Description of the task >> Repeat verbatim what the listing holds, but not its pictures.

Recorded data >>

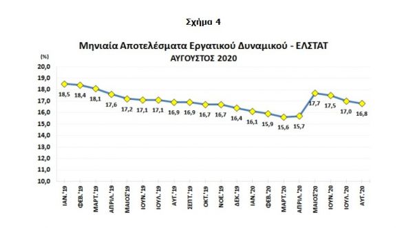 Επιπλέον, σύμφωνα με τα πρόσφατα αποτελέσματα της ΕΛΣΤΑΤ, για τον μήνα Αύγουστο 2020, το γενικό ποσοστό ανεργίας ανήλθε στο 16,8% παρουσιάζοντας οριακή μείωση −0,1% συγκριτικά με τον Αύγουστο του 2019 και −0,2% σε σχέση με τον Ιούλιο του 2020.
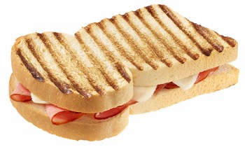 Toast [VETEMJÖL, vatten, solrosolja, SKUMMJÖLKPULVER, jast, salt, dekstrose, emulgator (E472e)], rökt skinka (19,6%) [flaskkött (96%), salt, naturlig arom, sukros, antioxidant (E301), konserveringsmedel (E250)], edamerost (MJÖLK) (19,6%).
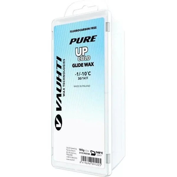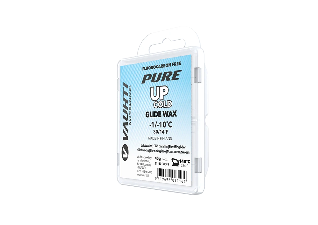 PURE UP fluoro-free glide waxes are intended active skiers and as a training wax for competitive skiers. High-quality hydrocarbon ingredients, zinc stearate and silicon wax gives excellence performance and good durability to the products in all snow types and weather conditions. UP COLD paraffin is for all snow types below 0C.

Answer section >>
 Επιπλέον, σύμφωνα με τα πρόσφατα αποτελέσματα της ΕΛΣΤΑΤ, για τον μήνα Αύγουστο 2020, το γενικό ποσοστό ανεργίας ανήλθε στο 16,8% παρουσιάζοντας οριακή μείωση −0,1% συγκριτικά με τον Αύγουστο του 2019 και −0,2% σε σχέση με τον Ιούλιο του 2020.
 Toast [VETEMJÖL, vatten, solrosolja, SKUMMJÖLKPULVER, jast, salt, dekstrose, emulgator (E472e)], rökt skinka (19,6%) [flaskkött (96%), salt, naturlig arom, sukros, antioxidant (E301), konserveringsmedel (E250)], edamerost (MJÖLK) (19,6%).
 PURE UP fluoro-free glide waxes are intended active skiers and as a training wax for competitive skiers. High-quality hydrocarbon ingredients, zinc stearate and silicon wax gives excellence performance and good durability to the products in all snow types and weather conditions. UP COLD paraffin is for all snow types below 0C.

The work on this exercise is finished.